I would say yes, except I’m going to shift the blame a little bit to my editor, because I wanted to call the book “Everything Is Garbage.” But she was a little apprehensive about it, and I was like, I’m not an expert. I’ve never really done this before so I’m going to go with what you say.
She came up with a list of things, and “We’re Never Meeting in Real Life” was on there and I was like, yes, that sounds like me. So it’s sort of half on her and half on me that I am now forced to weather people making that joke a million times.
You’ve been on the road to promote the re-release of “Meaty,” your first book of essays. What is it like revisiting your old work?
Excruciating. Reading the first pass I was skimming, trying to spare myself humiliation. Reading something from years ago is just like reading my high school diary or something, where I’m like, “Oh man. I can’t believe that I thought that. I can’t believe that I wrote that.” But this time everybody’s reading it.
And then they were like, “Yeah, we want you do to an audiobook.”
Oh, God.
Yeah, and I did that, and um, I just wanted to peel my skin off like an orange. The first thing I thought was, “Why didn’t we let this die? Why didn’t we pretend I never wrote this?” Yeah, it was excruciating.

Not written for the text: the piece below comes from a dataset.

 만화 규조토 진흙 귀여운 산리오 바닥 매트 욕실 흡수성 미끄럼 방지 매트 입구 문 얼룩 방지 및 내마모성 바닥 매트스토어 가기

Is there anything you’ve written about where in retrospect you’re thinking, “I wish people didn’t know that about me?”
All of the “I pooped my pants,” that kind of stuff, I never regret it. The only things I do regret are any sort of vulnerability or sadness where I feel like I’ve conceded something to someone else. So when I write about getting my heart broken, and that person is still alive and can maybe read it and know how much they hurt my feelings.

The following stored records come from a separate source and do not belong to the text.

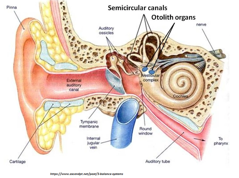 The inner ear is best known for the cochlea, which converts sound into nerve impulses, for our hearing. But it also contains the vestibular system, which is crucial for balance. The vestibular system is responsible for detecting your head’s orientation in space and its motion. Angular acceleration, or rotational motion, is detected about 3 separate axes by the semicircular canals. Linear acceleration, as well as gravity, are detected in the forward and back direction as well as the side to side direction, by two “otolith organs”, the utricle and saccule. These sensors both directly trigger various reflex movements and provide information to the brain.
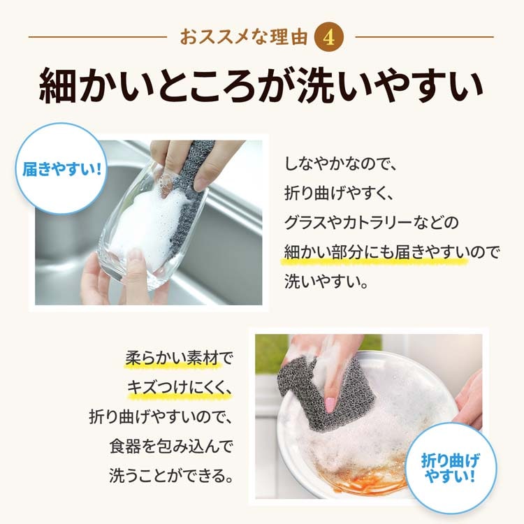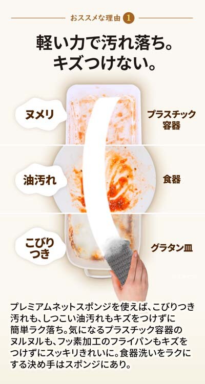 ●食器、調理器具、フッ素加工品をキズをつけません。
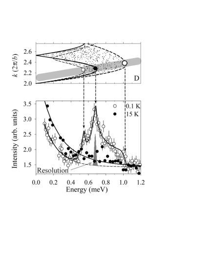 The -dependence of the low-energy dispersion is illustrated in Fig.Β 3(5), which plots the oscillation in the minimum energy position vs. and . Data points were extracted form fits to the low- to medium-energy part (0.10.4 meV) of the dispersion along for various βs. The observed incommensurate oscillation is well explained by Eq.Β (2), for which at a given the minimum energy occurs at (solid line).

But really, I never regret it because part of why I keep doing this is because I get feedback from people that’s like, “That thing you wrote really helped me.” If my talking about getting my heart hit by a bus is helpful, then I’m cool with it.
I feel like what you do is a lot harder than what I do. You share such intensely personal things. I won’t even mention on Twitter that I have a husband. I don’t want people to know about me.

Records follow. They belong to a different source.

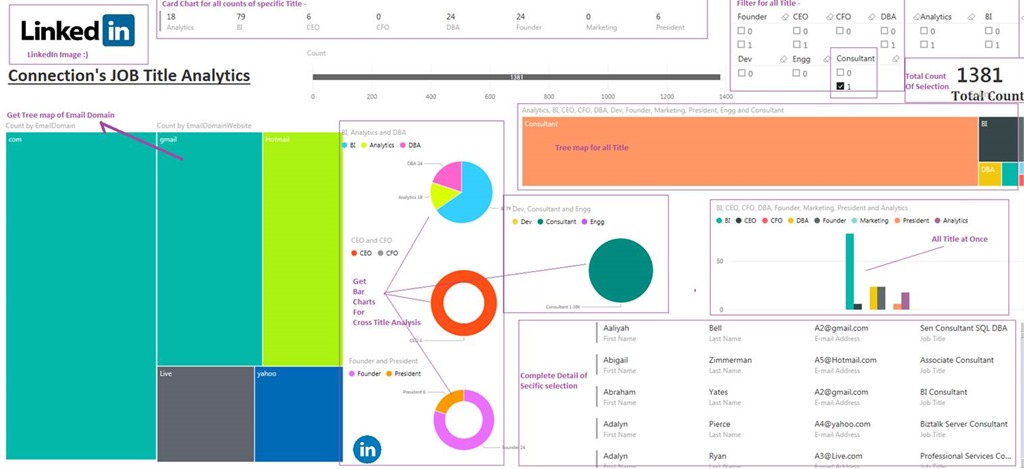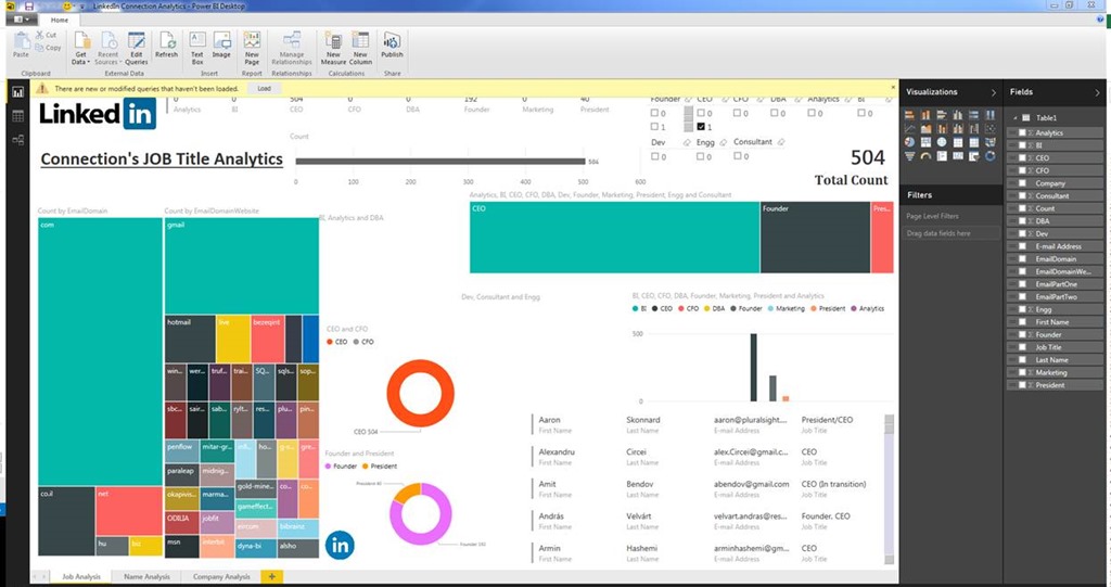 In this article you are going to learn how easily you can use Power BI to analyze all your LinkedIn connection easily, fast and do some immediate action.
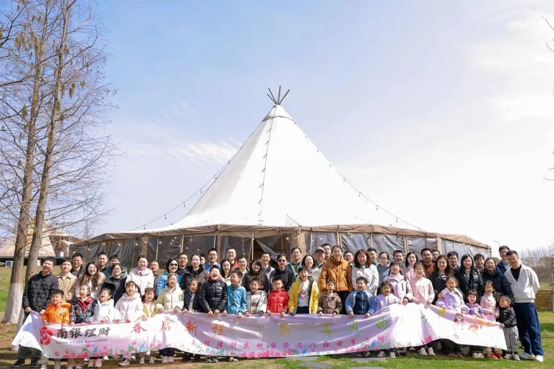 盐城、连云港分行将户外活动与业务拓展结合,组织女职工走进家庭农场、智慧化育苗工厂,实地感受乡村振兴发展成果;扬州、杭州、徐州、淮安分行组织春日踏青、趣味采摘活动,深入探索传统文化;南银理财前往浦口九龙湖开展环湖徒步与植树活动,凝聚团队合力,共绘美好愿景。
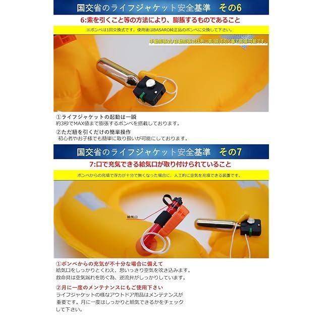 商品情報 手動膨張式ベルトタイプは初心者でも簡単に使用できる様に紐を引くだけで凡そ2〜3秒でMAXまで膨張し一気に浮上可能です。 オックスフォード素材を採用している為、木の枝や岩でもライフジャケットの生地が裂けにくく、汚れも落としやす事が特徴です。 最大110Kgの重さを一気に海面まで引き上げる浮力を持っております。使用環境は真冬-30度〜真夏65度まで正常動作可能です。
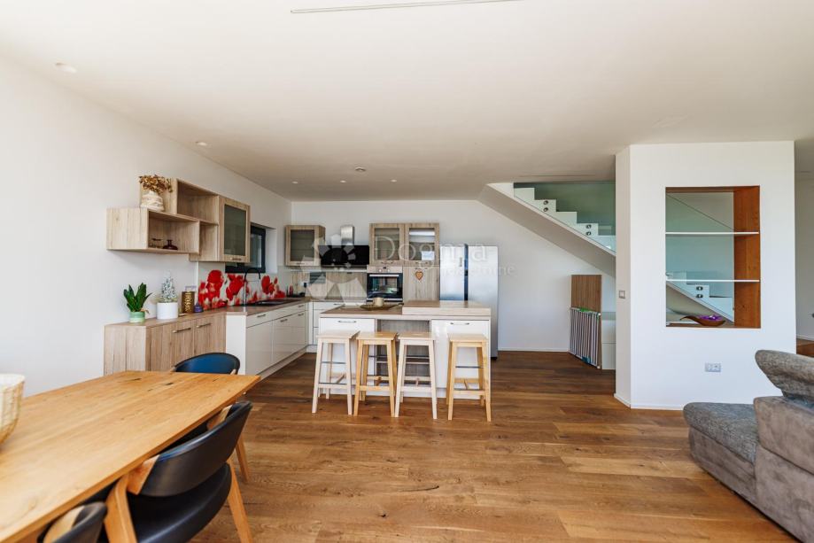 Bregi,moderna niskoenergetska kuća s bazenom i panoramskim pogledom na Kvarnerski zaljev.Ova atraktivna nekretnina nalazi se na par minuta vožnje do centra Opatije i mora.Sastoji se od prizemlja i kata.Prostrani dnevni boravak i kuhinja kao openspace prostor,kupaonica i terasa.Tri spavaće sobe,kupaonica i stubište nalaze se na katu.

I feel like journalism is a little harder than what I do. Because my subject matter never changes. For me, once I started with the oversharing, the telling 90 percent of everything, I can’t stop now, you know what I mean? I can’t all of a sudden be like “No, the door is closed.”
Also in general, I just am a pretty confessional person, because it feels freeing to me. I am the kind of person who walks into a room and says, “Oh my God, I’m sweating, I can’t wear deodorant because I’m allergic to it, and I have to take a dump, see you in 10 minutes.” The freedom in that is worth more than the embarrassment.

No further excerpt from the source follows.